If you need exact parameter details, consult the module source in `rag_kmk/` (this README aims to be a concise reference).

## Persistence & semantics

Path resolution precedence used by `build_knowledge_base()`:
1. explicit `chromaDB_path` argument
2. `cfg.get('vector_db', {}).get('chromaDB_path')` returned by `load_config()`
3. default: `./chromaDB` created under the current working directory

- Notes on persistence behavior (persistent-only):
- The library requires a filesystem path for persistent ChromaDB. Pass a directory to `chromaDB_path` or configure `vector_db.chromaDB_path` in the config.
- Supplying a filesystem path forces persistent storage; `build_knowledge_base` will create the path if needed.
- There is no `force_persistence` boolean parameter in the current API; control persistence explicitly via `chromaDB_path` or by using `create_chroma_client(..., create_new=True/False)`.

## Development & testing

- Run tests:
```powershell
pytest -q tests
```
- Coverage helper (repository includes a helper script):
```powershell
scripts\run_coverage.bat
```
- An environment spec exists at `env-rag-backup.yml`.

## Contributing & CI

- See `docs/contributing.md` for contribution guidelines.
- CI workflows are under `.github/workflows/`.

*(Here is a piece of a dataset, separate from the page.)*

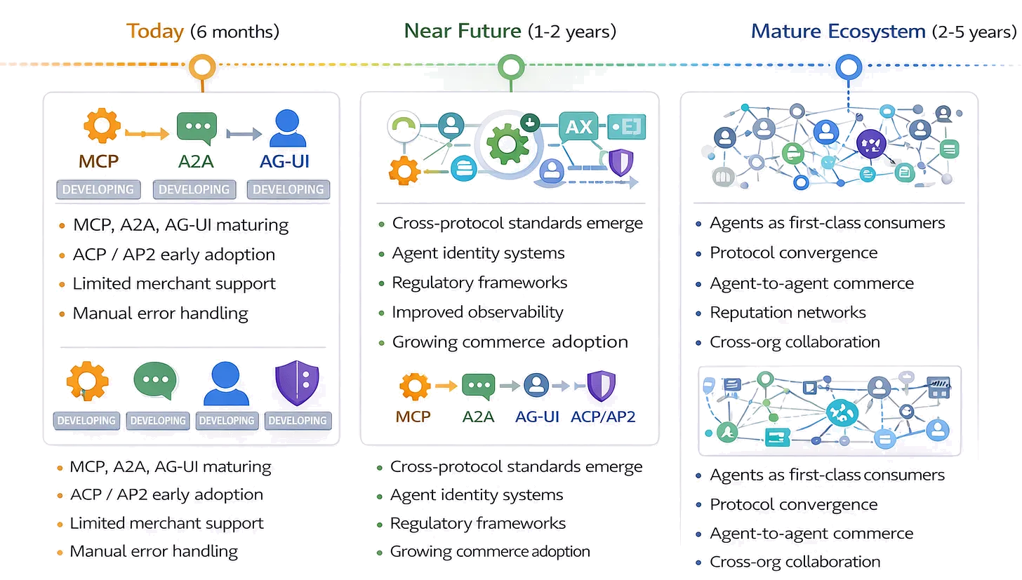 Protocol ecosystems will mature, commerce adoption will grow, and agent-optimized infrastructure will become standard. The teams building with these protocols today are establishing competitive advantages for tomorrow.

## Troubleshooting & notes

- If the LLM SDK or credentials are missing the library returns a no-op ChatClient so non-LLM parts of the pipeline continue to work.
- `generate_LLM_answer()` enforces a timeout (default 30s) and raises a RuntimeError on timeout.
- When debugging auth or model issues, print `rag_kmk.config.config.mask_config(config)` rather than the raw config to avoid leaking secrets.

## What's new (changelog fragment)

- README updated to reflect actual current APIs: use `initialize_rag()` / `build_knowledge_base()` signatures from source.
- Clarified persistence resolution (explicit arg > config > default) and removed references to a non-existent `force_persistence` parameter.

---
For more examples and developer notes see `docs/` and `run.py` (canonical usage example).